Only 25% of Crypto Investors are Tax-Compliant

Vera Tzoneva, chief operating officer of CoinTracker, claims that the majority of American cryptocurrency investors are unaware that they are required to submit taxes on their digital asset activity. In an interview with TheStreet Roundtable, she indicated that just 25% of cryptocurrency investors in the United States are now tax compliant, according to an IRS-reported criteria.

Most people aren’t even aware that they need to submit their cryptocurrency taxes. I believe there is a significant awareness problem. She emphasized that terrible actors aren’t the major issue.

“It’s not because people aren’t trying to comply with the law or avoid paying taxes, the reality is, that group is still very small.”

The goal of new 1099s is to close the gap

Tzoneva anticipates a significant change in perception once the new reporting regulations take effect. The IRS is mandating brokers to provide a 1099 form for the first time, so next year will be a significant year when they have to recognize they have to be tax compliant, she added.

All cryptocurrency and traditional exchanges that facilitate trading in cryptocurrencies will begin issuing such document to its end users for the first time next year. There will be a rise from 25% to nearly 100% awareness.

She attributed the move to the 2021 infrastructure bill and associated agency rulemaking: Congress enacted the law, but it took many years for the Treasury and the IRS to draft the real regulations mandating these exchanges to issue these forms beginning next year.

What triggers taxes

Tzoneva stated that when people realize they have to pay taxes, the first thing they do is stress out. She pointed out that cryptocurrency tax responsibility exists in more areas than most people realize.

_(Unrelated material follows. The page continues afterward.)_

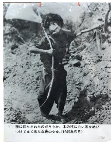
旗に誓った少女の姿。この写真は、1945年6月23日に撮影されたものである。

とても有名な日旗の少女の写真です。この写真が撮られた時、7歳だったそうです。みなさんと同じくらいの年齢の時に戦争を体験した少女は何を感じていたのでしょうか。日旗の少女については本にもなっています。ぜひ読んでみましょう。

Capital gains apply when selling at a profit, although taxable events can also occur when assets are swapped.

She said that “if you acquire Bitcoin and then transfer to Ethereum, it is a taxable event. Manual reporting soon becomes impractical since active investors might have hundreds of thousands of trades, and we have clients with millions. You need software to compute all of this, which is what we’ve created.”

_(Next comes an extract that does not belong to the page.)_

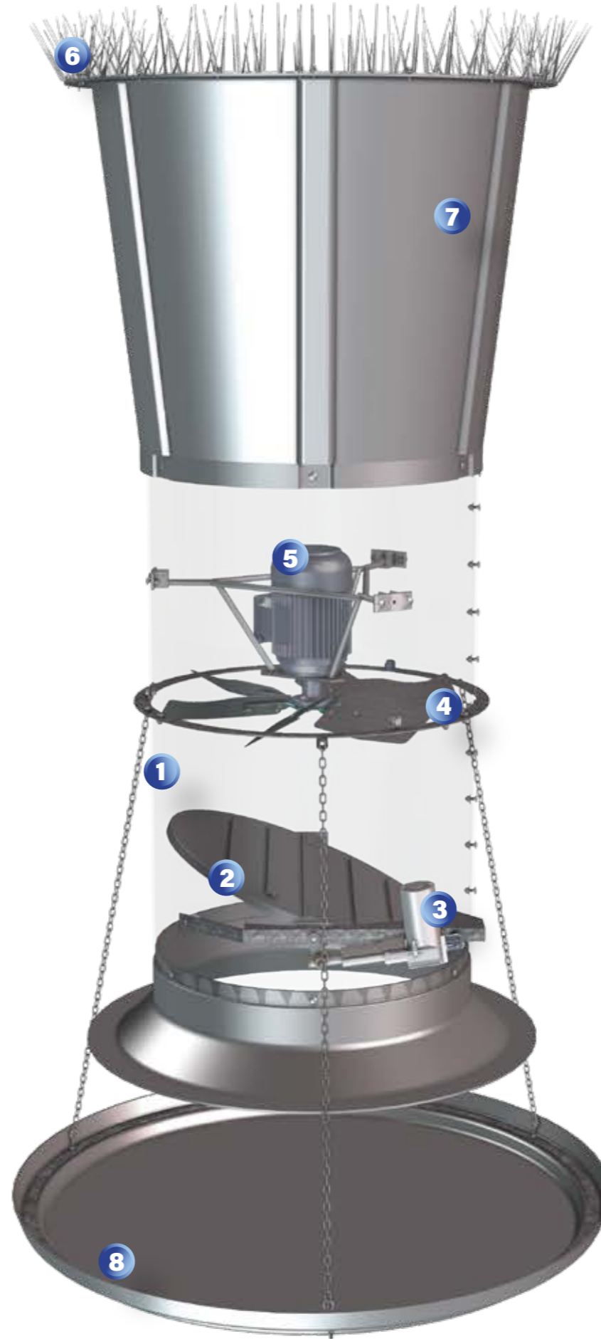
Ürün üzerinde bulunan numaralar ürün montaj sıralamasını belirtmektedir.

0.55 kW 1000 devir elektrik motor kullanılmıştır. Kanadın dönmesini sağlayarak, hava akışı oluşturmaktadır.

To move ahead, take three steps

For overwhelmed investors, Tzoneva provided easy points to start. In order to “get ahead of it,” she suggested that users use software as soon as possible and be aware that new reporting regulations are on the horizon.

According to her, after they’ve had their “freak out moment,” they should add all of their wallets and exchanges so CoinTracker can determine their obligations and give them piece of mind.

Beyond compliance, Tzoneva pointed out that taxes may be utilized strategically — regular traders can employ tax-loss harvesting to get greater tax benefits and make smarter trading decisions.

CoinTracker also supports businesses that handle cryptocurrency. If you’re attempting to handle accounting and bookkeeping because you have cryptocurrency on your books — which is a rapidly increasing field, particularly due to stablecoins — you’d utilize CoinTracker to close your books on a monthly basis, she explained.

Global regulations differ

Compliance requirements are global. The United States is one jurisdiction. The Netherlands is another. She cited Singapore as an example of a country that does not allow capital gains on cryptocurrency exchanges.

Despite this, the infrastructure is consistent: the system ingests exchanges and wallets, reconciles activities on-chain, and then “on top you have to layer in the accounting rules that vary,” which are backed by CPAs to keep regulations “up to date.”

Her advice: start early. “You don’t want the day before taxes are due to then have to figure this problem out better to start even now.”